Meet our guest bloggers Toothpick, the UK’s largest database to find and book a dentist appointment. When we think alcohol, we don’t often think about oral hygiene. So, we decided that we needed to find out a bit more. Toothpick filled us in on the detrimental effects of alcohol on teeth and gums: what are they and how to avoid them?
Almost every adult likes an occasional glass of wine, beer or spirit. However, many of us go for more than just the one, consuming bigger amounts on a regular basis. Not only does this cause high blood pressure (hypertension), which increases the risk of having a heart attack or stroke, drinking to excess can also seriously affect oral health. What happens to our teeth and gums when drinking alcohol? Is tooth decay and mouth cancer related to frequent alcohol consumption?
The main threat comes from the sugar content in alcohol (including some beer) which, when broken down in your mouth, creates an acidic breeding ground by bacteria and plaque that causes tooth decay.
Many types of alcohol are acidic and sugary, especially when mixed with fizzy drinks or fruit juices, which are also typically high in sugar. Sparkling wine, for example, is more likely to cause damage due to the acidic nature on your teeth. Frequent consumption can cause tooth decay and acid erosion.

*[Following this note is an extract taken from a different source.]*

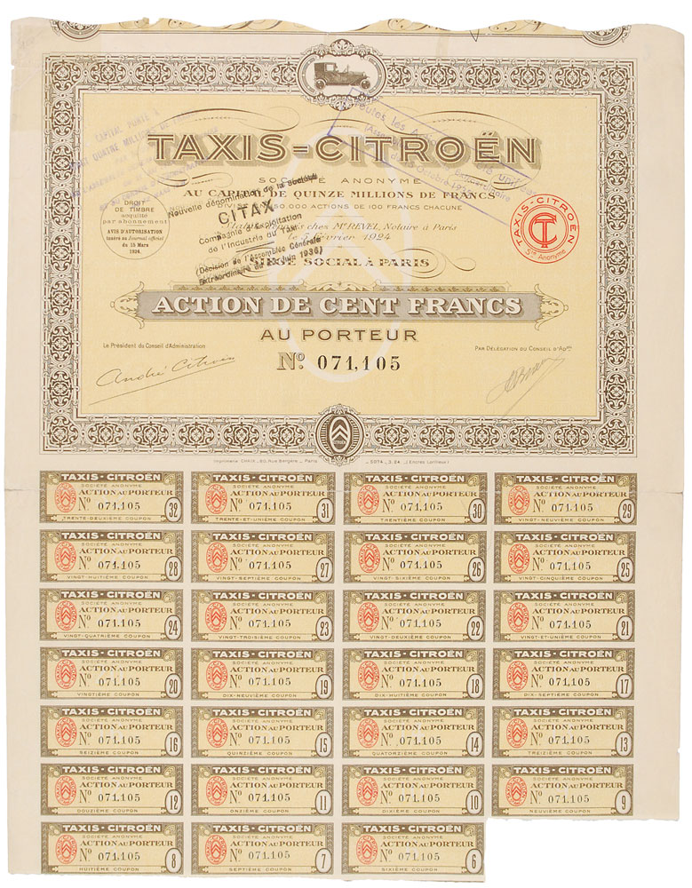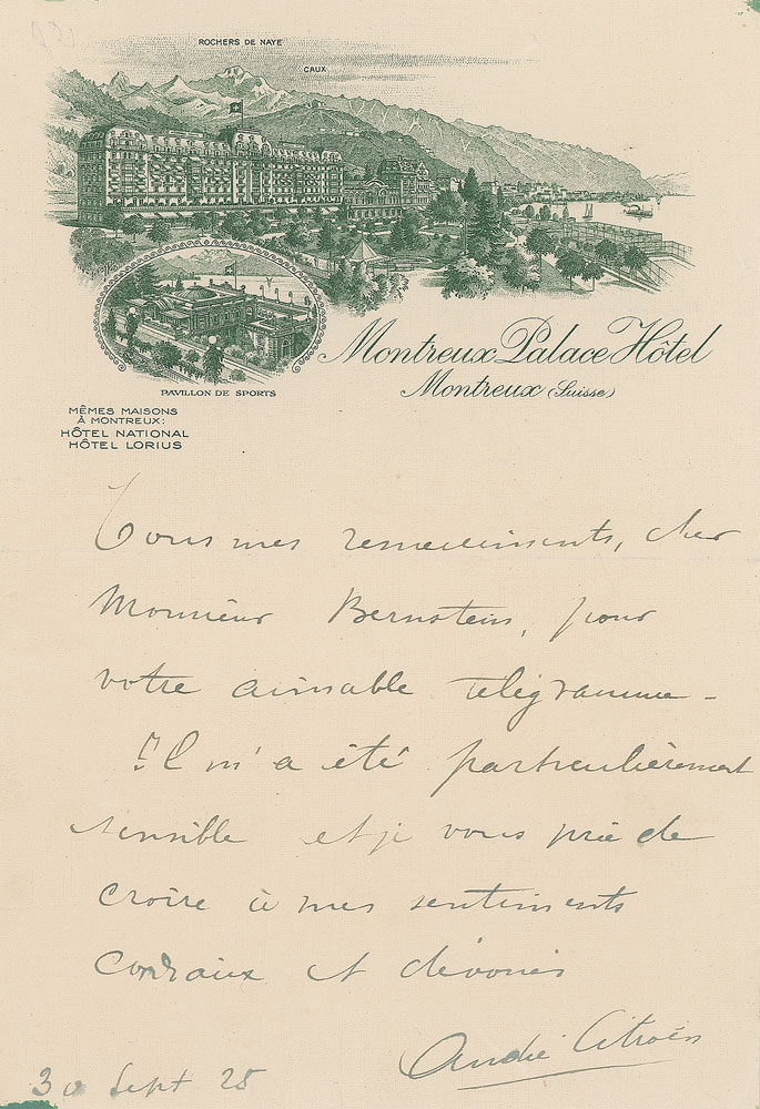 ALS in French, one page, 5.25 x 8, Montreaux Palace Hotel letterhead, September 30, 1925. In full (translated): "All my thanks, dear Mr. Bernstein, for your fine telegram. I was particularly touched by it and I ask you to believe in my cordial and devoted sentiments." In fine condition. Accompanied by a 'Taxis-Citroen' stock certificate bearing Citroen's facsimile signature, issued on February 5, 1924, with 27 coupons still attached.

You can probably think of a time when you wanted a greasy hamburger and fries after having alcohol. In fact, drinking has an effect on appetite and generally increases cravings for food in the short term after consumption. The science behind this is that when a person drinks, the body responds to large quantities of increased glucose in the system by producing more insulin, which removes the glucose. Once the process has started, the insulin carries on working removing glucose from the blood. Low glucose levels result in feeling tired.
To overcome this feeling of tiredness the body will be craving a carbohydrate boost. Major damage can be done to your teeth by having a few cocktails and then settling for a sugar rush afterwards. It is well known that decision making is affected by alcohol, so it should be reasonable to suspect that the food choices we make while drinking will not be as healthy as they should be.
Alcohol dehydrates and reduces saliva flow. When you don’t produce enough saliva, which helps to neutralise acids in the mouth as it contains anti-bacterial agents, you’re at higher risk of tooth decay. Dry mouth is potentially harmful, causing higher levels of decay and erosion.
In addition (and not particularly pleasant), stomach acid is extremely acidic. This means that if you drink to the point of wanting to be sick, this puts your teeth at greater risk of damage.
Excessive drinking of alcohol can increase risks of mouth cancer by four times. What’s worse, if you both smoke and drink you’re up to 30 times more likely to develop the disease.
In case you are questioning the use of alcohol in mouthwash, you should know that Cancer Research UK advises “oral cancer risk is not associated with use of alcohol-containing mouthwash.”
Although teeth are very tough, they can easily become stained over time. Main suspects here are red wine and intensely coloured spirits in particular.
To sum up, excessive alcohol consumption on a regular basis could seriously affect oral health, causing decay and erosion and in some cases even mouth cancer. However, remember we established that it’s the sugar and acid in most drinks that causes most harm. In other words, avoid excessive consumption of fruit juices and fizzy drinks in order to protect your teeth and gums. Another tip is to use a straw when consuming alcoholic drinks as the acidic and sugary effects are reduced with less contact on the teeth. Acidic drinks are also less erosive at lower temperatures, so remember to add some ice!